I looked up. The sky was full of stars. Millions of them, just burning brightly.

“It’s a strange kind of hollow,” I said. “Selling yourself. Doing everything except what you actually want. And telling yourself that’s enough because there’s no other choice.”

He lowered himself beside me, arms resting on his knees. “I know. Thank God I have Matthew to go home to. He makes it bearable.” He paused, uncertain. “Have you heard about?…?him?”

I flinched. Not enough to notice, just enough to feel it.

Him.

I didn’t say his name. Didn’t let my mind go there. Didn’t let it wander to his hands, his voice, the way his mouth had felt on mine.

I didn’t let myself remember the way his eyes had burned through me, or how his words used to sit warmly against my skin. I didn’t let my heart ache. I didn’t let it hope.

He didn’t fucking exist.

He had let them take me. The man who had sworn he’d protect me. Who’d sworn I was safe with him. He’d abandoned me.

If I’d hated him before, now I wanted him buried. Or maybe just gone.

Gone from me, gone from this life, gone from the part of my memory that still stung when I breathed too deeply.

Nicholas only knew because he’d heard Victoria bring him up again and again. Begging me to reach out, to let him explain.

As if I needed his version of the story. As if I didn’t already know the truth. There was nothing he could say that would make a year of silence feel less empty.

A year. Twelve whole fucking months.

Not a call. Not a letter. Not even a message through someone else. He didn’t have to tell the truth. He just had to show up.

And he hadn’t.

And that silence was louder than anything he’d ever said. I hated him for it.

I always would.

When I’d gotten out of rehab, I thought I’d stopped waiting for him. I’d told myself it was done. That I was done.

But when I stepped back into my apartment and shut the door behind me, something small and pathetic had still looked toward the hallway, half expecting him to be there.
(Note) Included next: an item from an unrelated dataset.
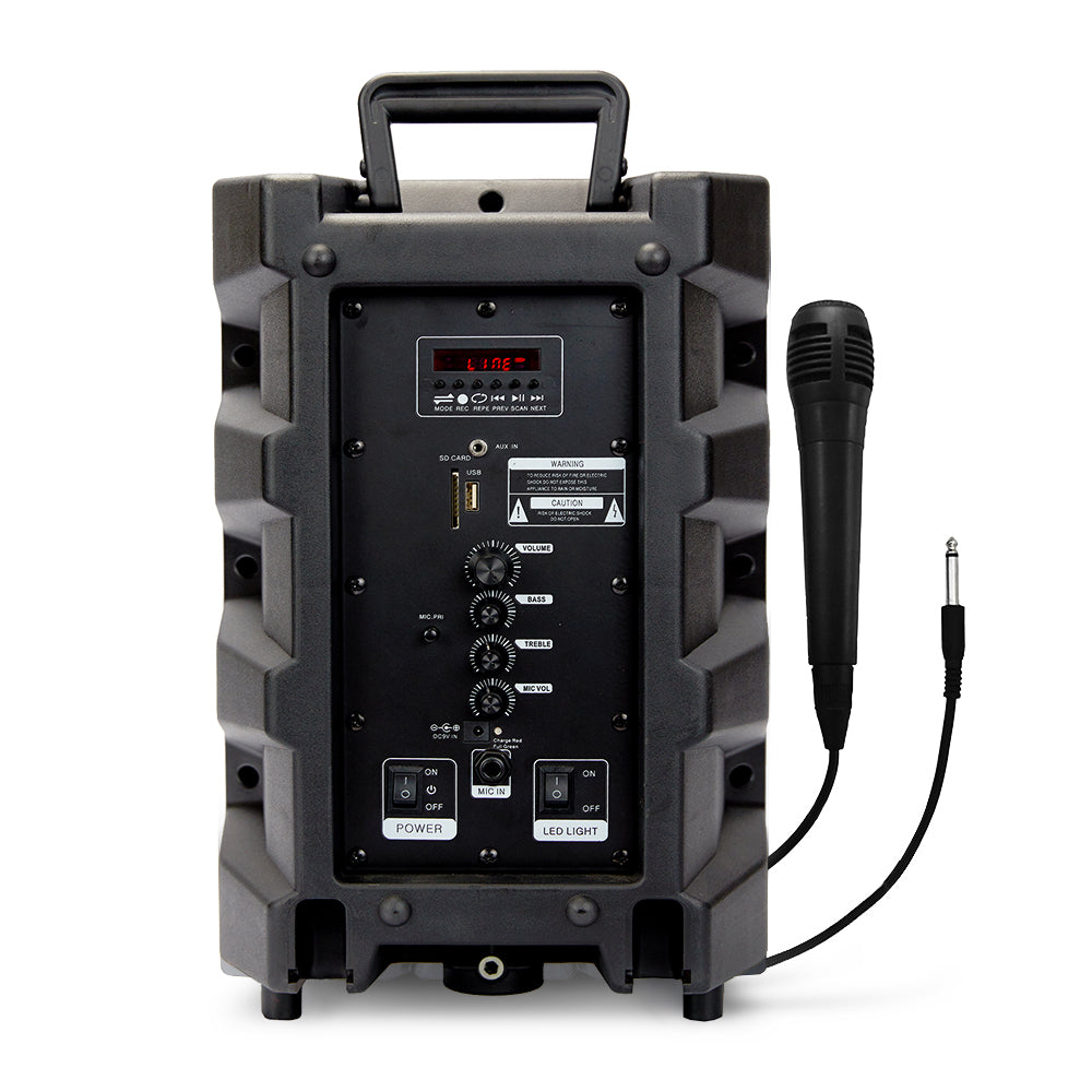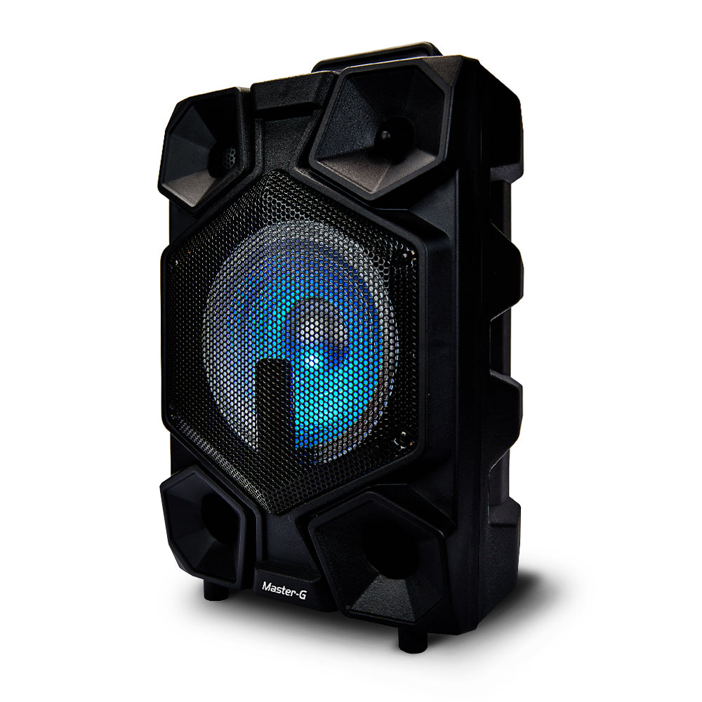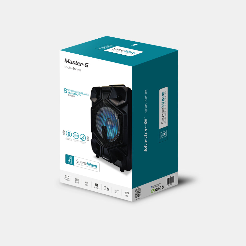 El parlante SPB8B de Master-G es perfecto para fiestas de Karaoke e ideal como un pequeño sistema de sonido. Puedes conectar directamente tu celular, o cualquier dispositivo Bluetooth para reproducir música sin necesidad de cables. Una poderosa Batería de 4000mAh entrega hasta 5 horas de funcionamiento ininterrumpido, lo que permite una gran autonomía de uso, para que nunca te quedes sin música de forma inesperada. Este parlante está equipado en Lector de Tarjetas microSD y lector USB, para que puedas conectar tarjetas o pendrives con tus listas de reproducción favoritas. Esto lo convierte en un completo y multifuncional sistema de sonido. En su parte trasera, el parlante incorpora un práctico Panel de Control donde se encuentran todas las entradas y lectores, además de todos los botones de reproducción necesarios para adelantar, retroceder y poner play / pausa a la música. El panel LED te permite ver la entrada seleccionada para reproducción. También cuenta con función de radio FM, con la que podrás dejar pre-sintonizadas tus radios favoritas. El parlante está equipado con 1 altavoz de 8 pulgadas de diámetro, que entrega un sonido potente y de buena calidad. En el panel de control, también podrás encontrar una entrada de micrófono plug de 6,5mm y una entrada auxiliar miniplug de 3,5mm. Así podrás conectar micrófonos y también reproductores de música que no cuenten con conexión bluetooth. Además, incluye un Micrófono Alámbrico, para que puedas sacar el máximo provecho en cualquier momento. También incorpora Control Remoto para controlar a distancia las opciones de encendido, adelantar, retroceder , poner play y pausar a la música. De esta forma podrás sacar el máximo provecho en tus karaokes o presentaciones. Características: * Potencia 20W RMS * Conectividad Bluetooth * Reproductor de MP3 * Radio FM * Función Karaoke * Entrada Auxiliar / Micrófono * Slot Tarjeta SD * Puerto USB * Batería Recargable Integrada * Efecto de iluminación led RGB * Parlante: 8 pulgadas Dimensiones: * Medidas (Ancho x Alto x Prof) 26,0 x 38,5 x 21,0 cm * Peso : 3,0 Kg. Incluye: * Micrófono alámbrico * Control Remoto * Adaptador de Corriente 220V * Manual de Usuario

Not to hold me. Not to speak. Just to stand there with his hands behind his back, jaw locked, eyes hard—like nothing had changed when everything had.

He wasn’t there.

My father said there was no need for a bodyguard anymore. Said I wouldn’t be doing any public appearances without Nicholas and his team. That their people would keep me safe now.

So, I made a decision.

I’d locked that door. Thrown the key into whatever deeply buried part of me still wanted him. And I hadn’t looked back since.

I stared out at the water, the waves folding into the shore again and again.

Somewhere behind us, the party kept spilling across the sand, loud and curated and exactly what my father had paid for. Yet, the Hamptons had never felt this quiet.

My eyes lifted to the sky as a shooting star slipped through the darkness. It burned quietly, briefly beautiful, then vanished.

“No. But you know?…?I think I’m just like a shooting star. Forever alone. Bright for a second, maybe beautiful. Then gone. No one really misses it once it disappears.”

Nicholas didn’t answer right away. Just sat beside me, eyes on the stars above. “Have you ever heard of binary stars?”

I glanced at him, brow drawn, and shook my head.

“Two stars caught in the same pull. They orbit each other, not for a moment, but for a lifetime. If one fades, the other loses everything. They weren’t meant to survive alone.”

His voice was gentle, steady, certain in a way that made my chest ache.

“You’re not a shooting star, Scarlett. You’re one half of something rare. And somewhere out there, the other half is already looking for you.”